Transcription, pictures excluded: write out the data below exactly.

== Given material ==
========
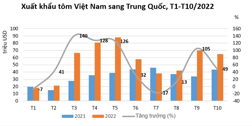 Theo Hiệp hội Chế biến và Xuất khẩu Thủy sản Việt Nam (VASEP), trong tháng 10/2022, xuất khẩu tôm Việt Nam sang Trung Quốc tăng 50% đạt 65 triệu USD. Đà tăng này giúp Trung Quốc vượt qua Mỹ, tiếp tục là thị trường nhập khẩu tôm lớn nhất của Việt Nam trong tháng 10.
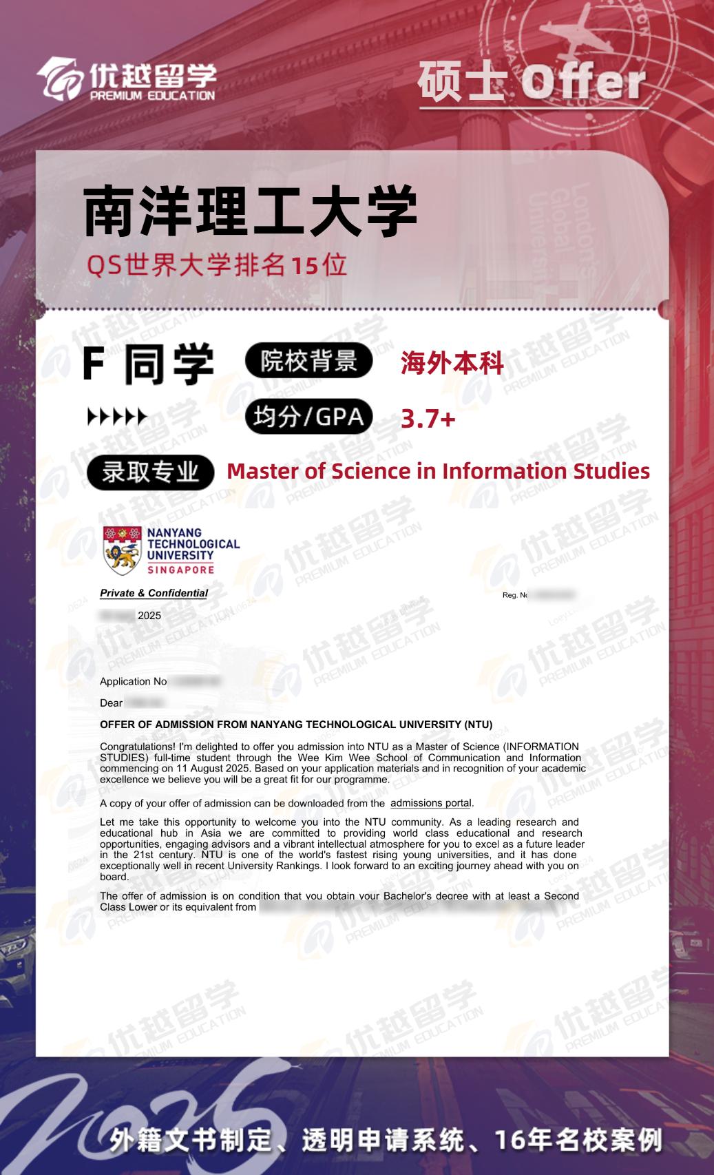 C同學來自國內一所雙非大學機械制造專業。為了有更好的職業發展決定出國讀研,最終新加坡留學申請成功拿到南洋理工大學商業碩士offer,下面一起看看詳情吧。
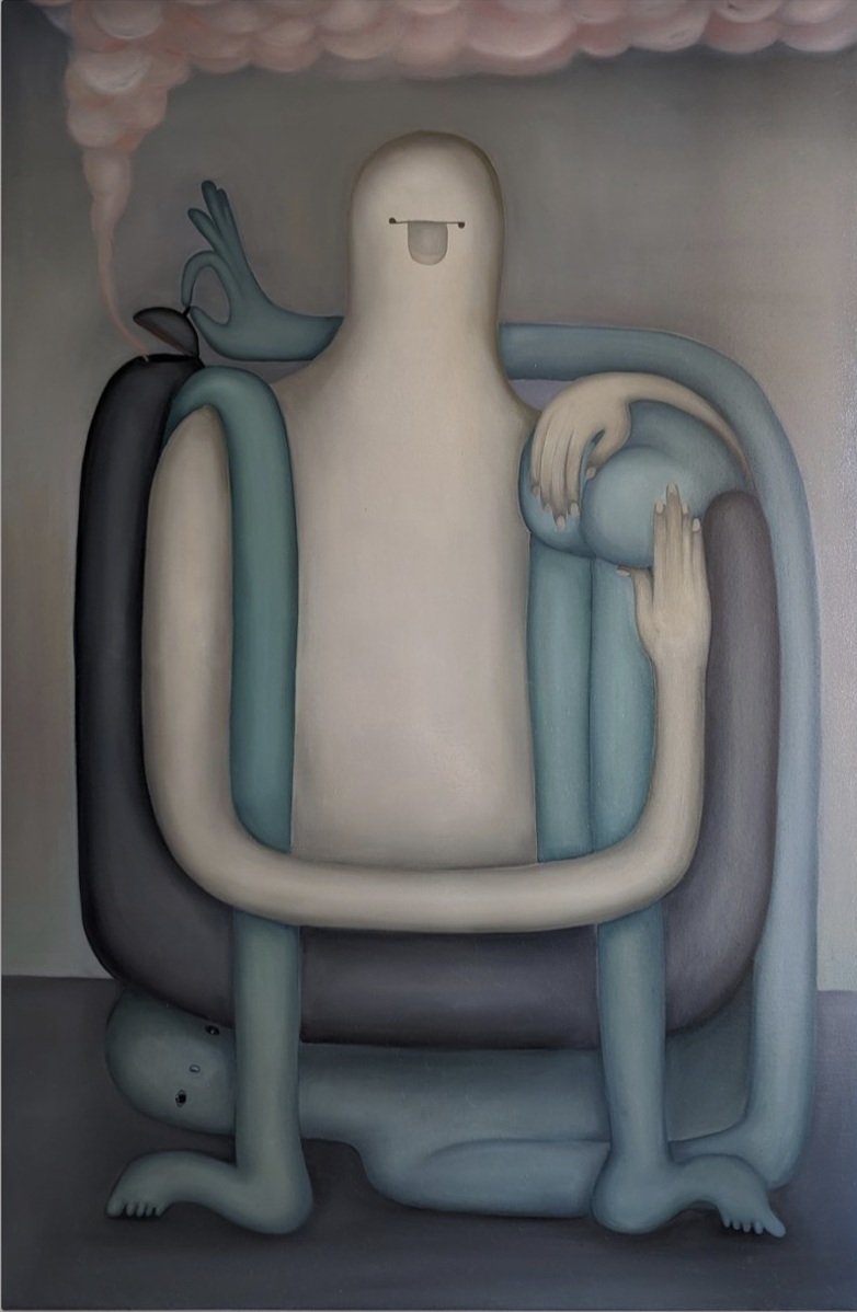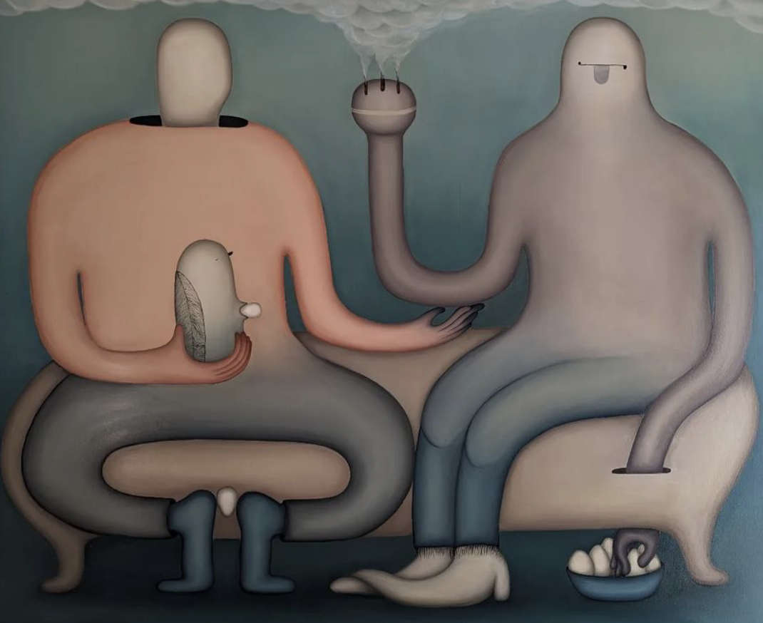 Mutto Matto's paintings evoke feelings of strangeness and intrigue, humor and anxiety, prompting viewers to contemplate their meaning and symbolism. Smooth lines and gentle color transitions create a sense of continuity and unity. The artist explores the theme of simple forms and consciousness, blending human features with abstract elements, and transitioning from abstraction to figuration with elements of surrealism. In her works, MuttoMatto seeks to convey the complexity of the human experience.
========
== Result for this task ==
 Theo Hiệp hội Chế biến và Xuất khẩu Thủy sản Việt Nam (VASEP), trong tháng 10/2022, xuất khẩu tôm Việt Nam sang Trung Quốc tăng 50% đạt 65 triệu USD. Đà tăng này giúp Trung Quốc vượt qua Mỹ, tiếp tục là thị trường nhập khẩu tôm lớn nhất của Việt Nam trong tháng 10.
 C同學來自國內一所雙非大學機械制造專業。為了有更好的職業發展決定出國讀研,最終新加坡留學申請成功拿到南洋理工大學商業碩士offer,下面一起看看詳情吧。
 Mutto Matto's paintings evoke feelings of strangeness and intrigue, humor and anxiety, prompting viewers to contemplate their meaning and symbolism. Smooth lines and gentle color transitions create a sense of continuity and unity. The artist explores the theme of simple forms and consciousness, blending human features with abstract elements, and transitioning from abstraction to figuration with elements of surrealism. In her works, MuttoMatto seeks to convey the complexity of the human experience.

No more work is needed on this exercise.